Obama fires back at Clinton with tough talk on national security

Eager to rebut Hillary Clinton’s charge that he is “naïve” on foreign policy, Barack Obama gave a speech Wednesday designed to show he would be tough on national security if elected president.

Most notably, the Democratic senator from Illinois said he might send U.S. troops into Pakistan to fight terrorists not targeted by Pakistani President Pervez Musharraf.

“If we have actionable intelligence about high-value terrorist targets and President Musharraf won’t act, we will,” Obama said at the Woodrow Wilson International Center for Scholars in Washington.

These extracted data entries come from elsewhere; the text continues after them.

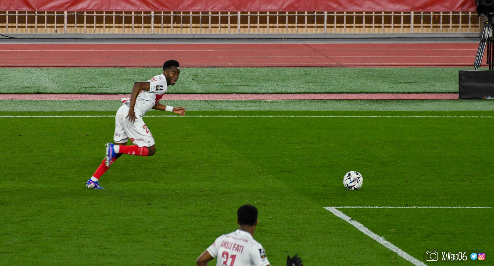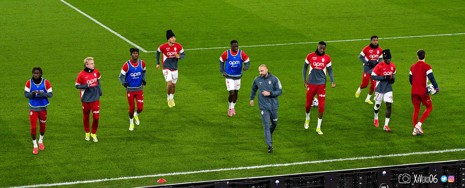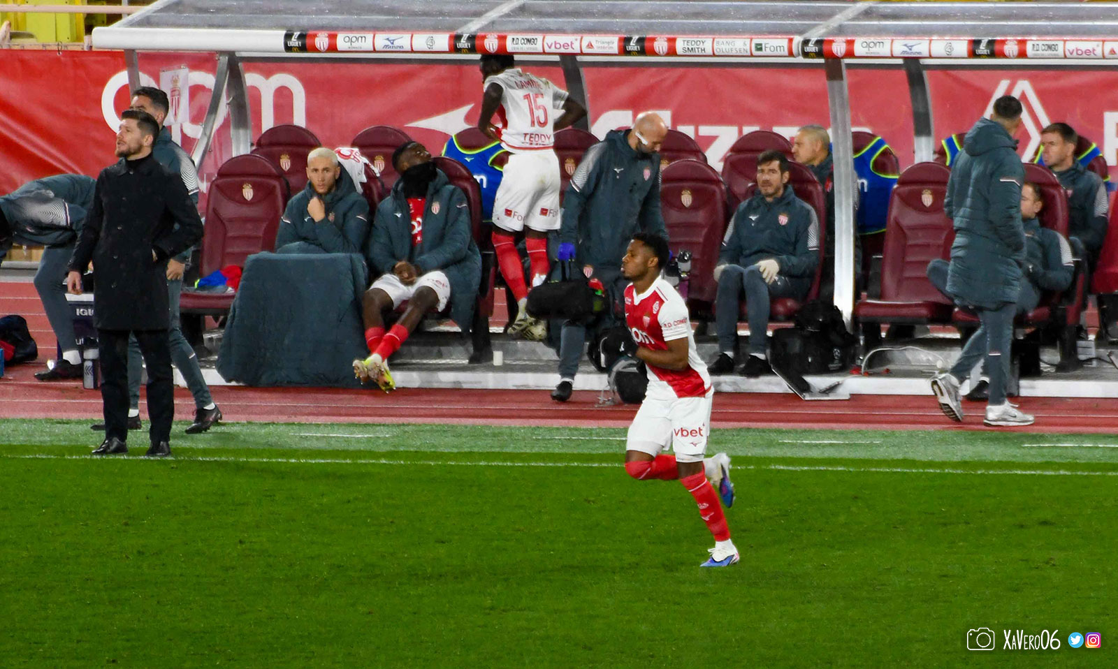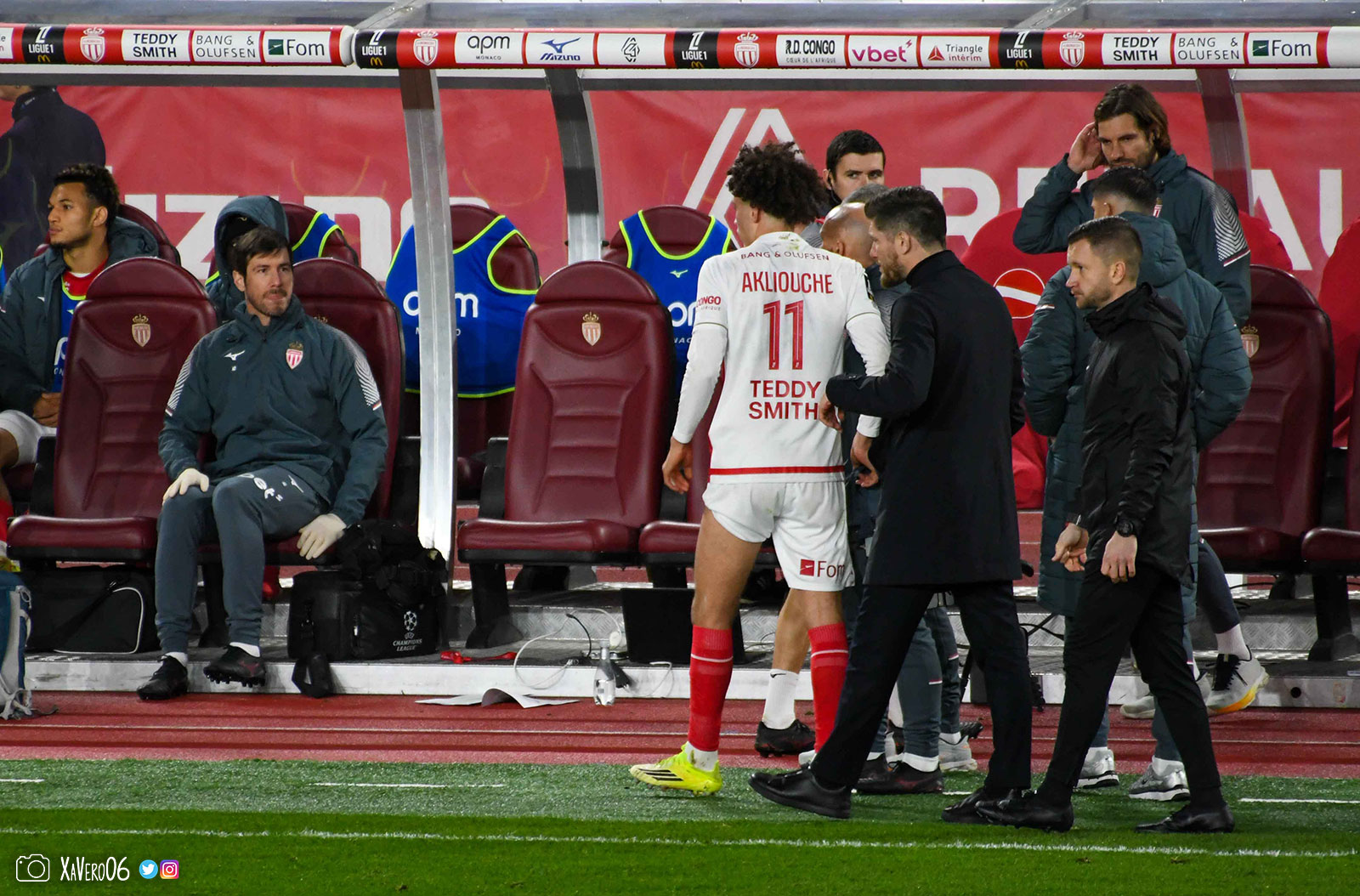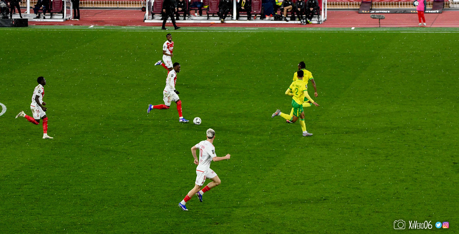 Fort de ses 3 buts d'avance, Monaco baisse de rythme, avec un Akliouche qui se plaint de son genou gauche depuis la 10ème minute, après avoir été pris à contre-pied sur une passe avec un pied d'appui qui avait glissé sur la pelouse humide.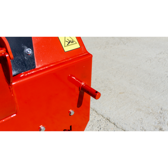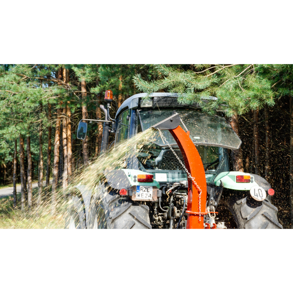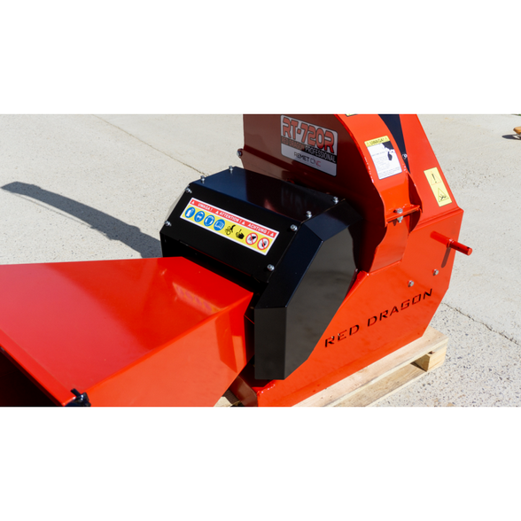 Rębak tarczowy RT-720R wyposażono ponadto w wyłącznik bezpieczeństwa, a także osłony chroniące użytkownika tego urządzenia. Kąt obrotu rury wyrzutowej 360˚ umożliwia precyzyjne kierowanie zrębków. Natomiast system wycofania materiału z leja podawczego zapewnia wygodę użytkowania. Ostatnim elementem o jakim warto wspomnieć jest możliwość regulacji grubości zrębki, co pozwala na dostosowanie pracy rębaka do indywidualnych potrzeb.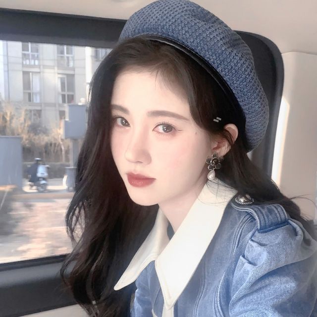 女孩戴了个贝雷帽,卷了头发眼睛画了点眼线和眼影,标准的m唇也画上了淡淡的粉色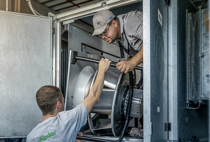 Der Einsatz der neuesten Ventilatorengeneration bringt noch weitere Vorteile: Die Einbindung in die Gebäudeleittechnik, die Installation von Sensoren und somit ein bedarfsgerechter Betrieb oder gar datengetriebene Mehrwerte wie Predictive Maintenance. Im Fall des Mulfinger Retrofits wurden bei vielen Anlagen Gateways von ebm-papst neo verbaut. Diese können die Daten aus dem Ventilator herauslesen, wie zum Beispiel die Laufzeiten überwachen oder auch den Stromverbrauch messen. Die Gateways können über LTE direkt in die ebm-papst neo-Cloud kommunizieren und so weiteres Einsparpotential erkennen und nutzen.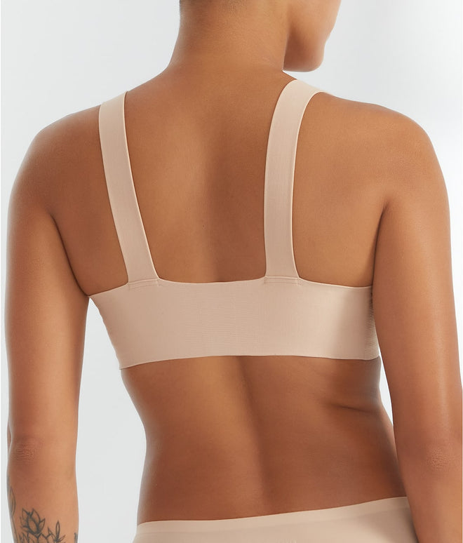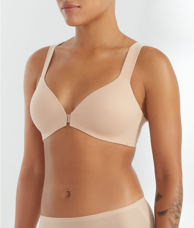 "Oh-so comfortable, elastic-free wire-free T-shirt bra. Smart Straps mold to the body for a dig-free fit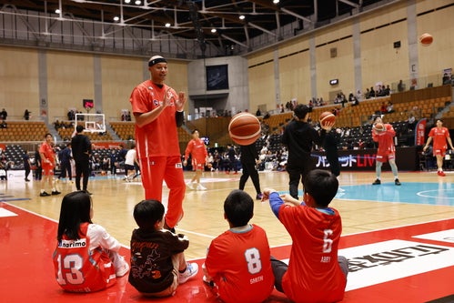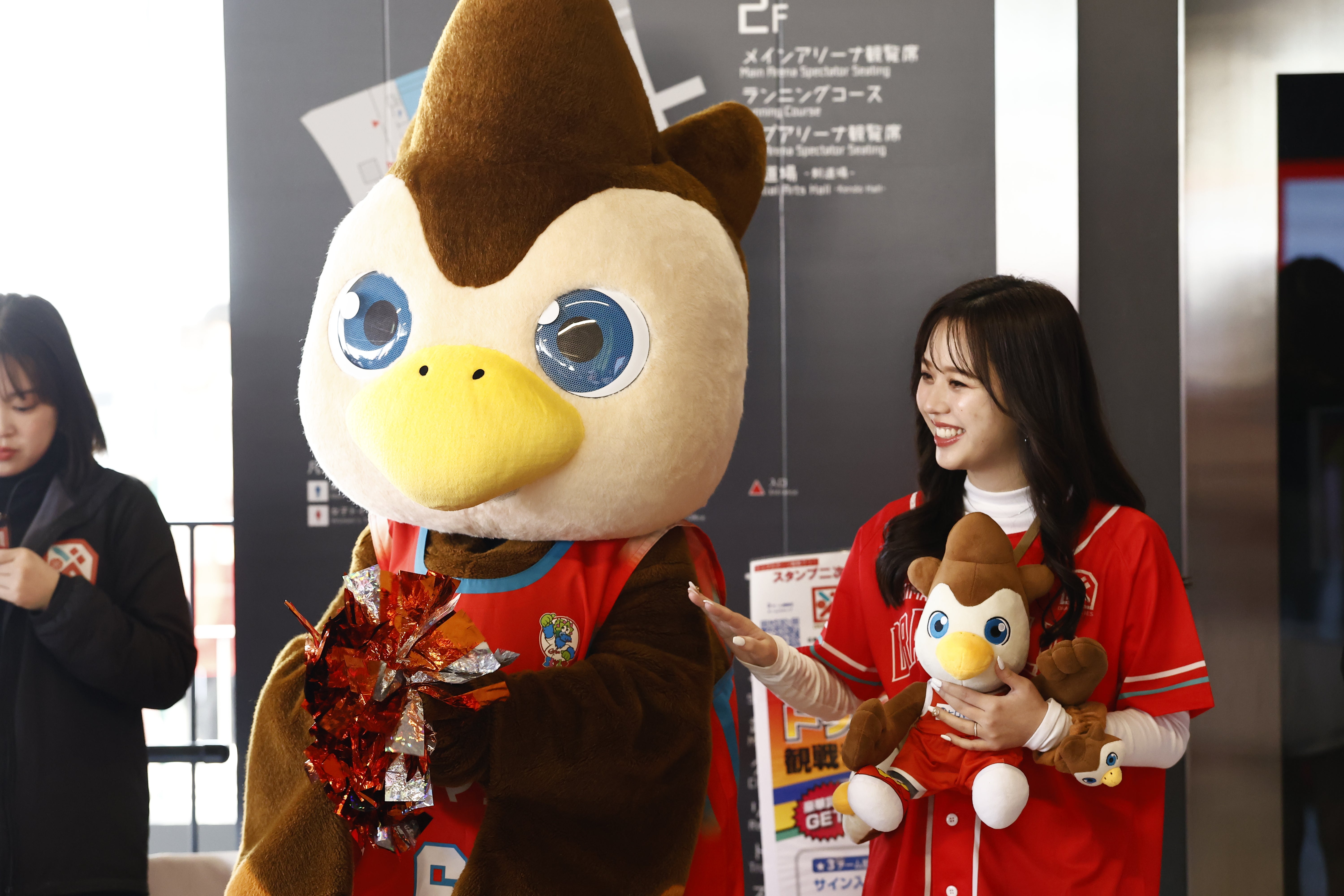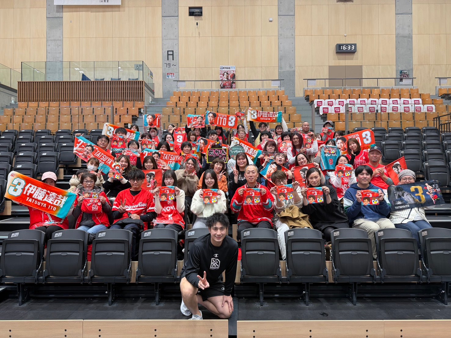 12/6(土)琉球ゴールデンキングス戦では「たっちゃんシート」を販売し、ご購入いただきました方にグッズの手渡しと集合写真撮影を行いました。

The muscular rhetoric came eight days after Obama was branded “irresponsible and frankly naive” by Clinton for saying that as president, he would meet with the leaders of rogue nations without preconditions. Obama later countered that the senator from New York was “irresponsible and naïve” for voting in 2002 to authorize the war in Iraq, which Obama has always opposed. During his speech Wednesday, Obama implicitly renewed his attack on Clinton, his chief rival for the Democratic presidential nomination.

“Congress rubber-stamped the rush to war, giving the president the broad and open-ended authority he uses to this day,” Obama said. “With that vote, Congress became co-author of a catastrophic war.”

Even as he called Clinton overly hawkish, Obama sought to rebut her insinuation that he is overly dovish. To accomplish this balancing act, he promised to withdraw troops from Iraq while beefing up the U.S. presence in Afghanistan.

“I did not oppose all wars,” he said. “I was a strong supporter of the war in Afghanistan. But I said I could not support a dumb war, a rash war in Iraq.”

He added, “I will not hesitate to use military force to take out terrorists who pose a direct threat to America.”

At the same time, Obama refused to back away from last week’s promise to meet with the leaders of rogue nations such as Cuba, North Korea, Syria and Iran.

“Not talking does not work,” he said.

“It’s time to turn the page on Washington’s conventional wisdom that agreement must be reached before you meet.”